--- Requirement ---
Below, locate the line that contains "Scytec has partnered". Repeat exactly from that line to the line that contains "بنطلون ضيق ضيق بشريط جانبي مطاطي عالي التمدد", inclusive, leaving out the pictures.

+++ Entries shown +++

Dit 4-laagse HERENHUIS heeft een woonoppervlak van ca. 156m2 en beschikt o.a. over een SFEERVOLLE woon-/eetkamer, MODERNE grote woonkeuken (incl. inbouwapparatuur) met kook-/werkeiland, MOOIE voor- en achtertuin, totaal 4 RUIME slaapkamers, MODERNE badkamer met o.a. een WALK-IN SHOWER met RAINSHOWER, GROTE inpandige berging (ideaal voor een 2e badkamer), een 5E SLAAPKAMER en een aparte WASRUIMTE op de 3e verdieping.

+++
+++ Entries shown +++

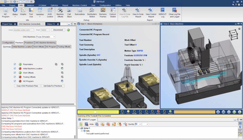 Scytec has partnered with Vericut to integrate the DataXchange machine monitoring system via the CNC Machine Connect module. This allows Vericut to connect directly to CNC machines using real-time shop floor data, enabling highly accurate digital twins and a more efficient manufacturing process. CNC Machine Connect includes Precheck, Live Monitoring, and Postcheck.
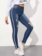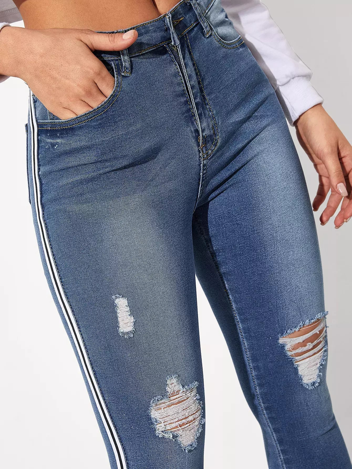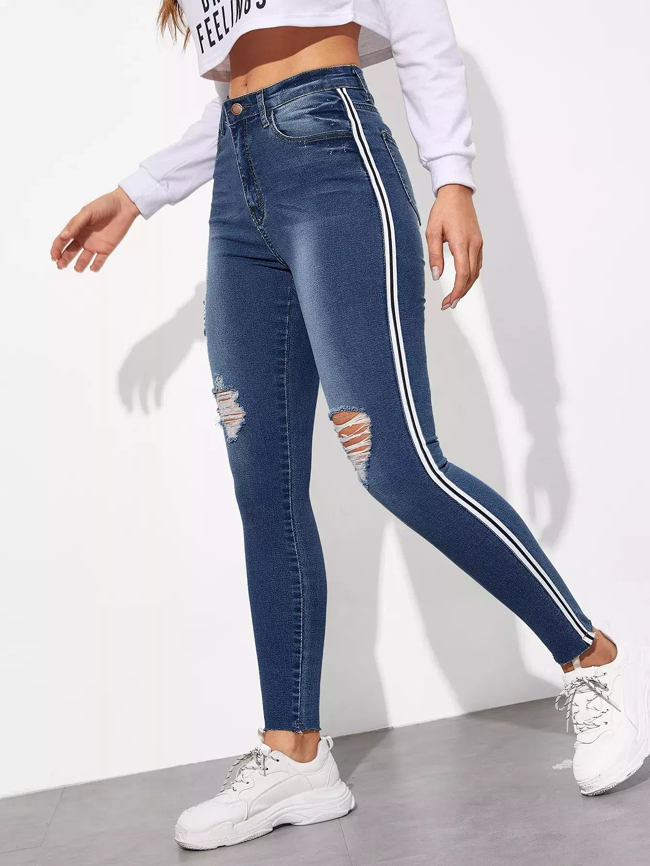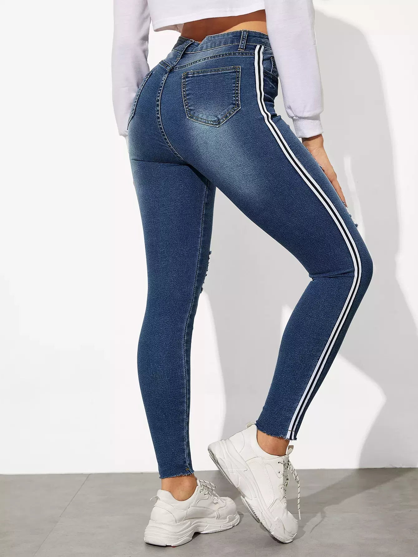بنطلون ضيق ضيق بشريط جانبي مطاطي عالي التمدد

+++

--- Expected answer ---
 Scytec has partnered with Vericut to integrate the DataXchange machine monitoring system via the CNC Machine Connect module. This allows Vericut to connect directly to CNC machines using real-time shop floor data, enabling highly accurate digital twins and a more efficient manufacturing process. CNC Machine Connect includes Precheck, Live Monitoring, and Postcheck.
بنطلون ضيق ضيق بشريط جانبي مطاطي عالي التمدد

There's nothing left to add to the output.